DATASET CONTENT.
+---+
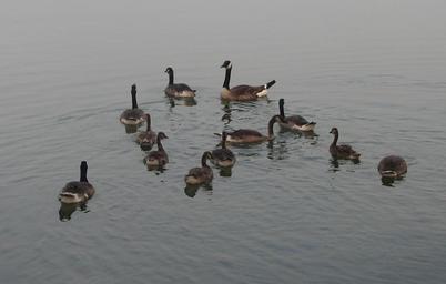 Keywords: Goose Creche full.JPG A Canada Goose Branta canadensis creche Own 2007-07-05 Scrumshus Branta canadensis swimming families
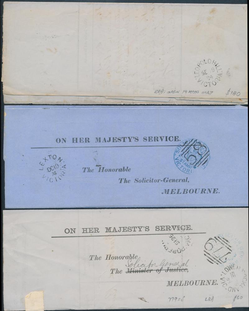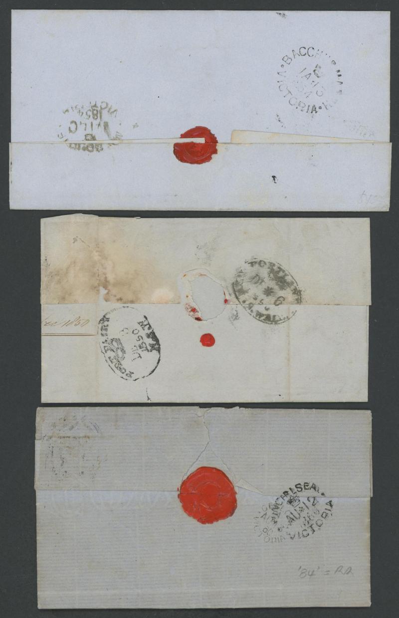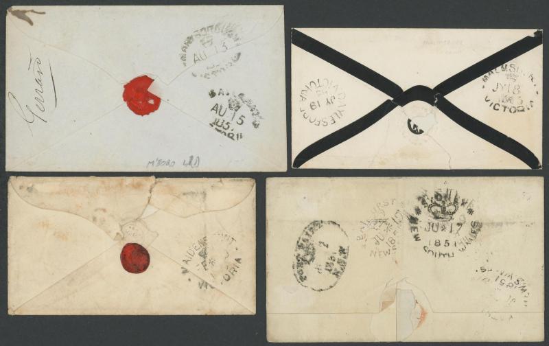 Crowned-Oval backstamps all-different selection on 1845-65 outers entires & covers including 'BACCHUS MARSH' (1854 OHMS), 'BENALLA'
+---+
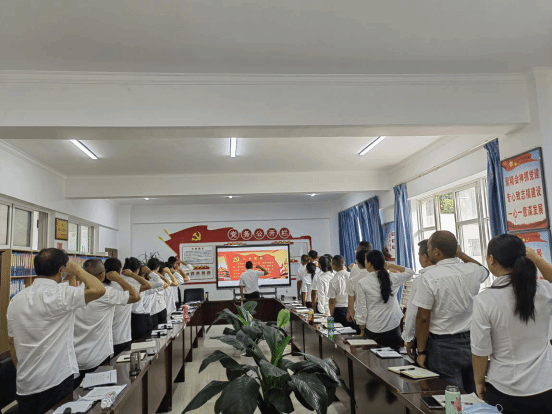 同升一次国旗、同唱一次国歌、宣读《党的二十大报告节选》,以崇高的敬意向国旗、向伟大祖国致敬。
+---+
YOUR TASK.
Starting with the line that has "Keywords: Goose Creche" and ending with the line that has "Crowned-Oval backstamps all-different", repeat the lines above exactly, omitting every picture.

EXPECTED ANSWER.
 Keywords: Goose Creche full.JPG A Canada Goose Branta canadensis creche Own 2007-07-05 Scrumshus Branta canadensis swimming families
 Crowned-Oval backstamps all-different selection on 1845-65 outers entires & covers including 'BACCHUS MARSH' (1854 OHMS), 'BENALLA'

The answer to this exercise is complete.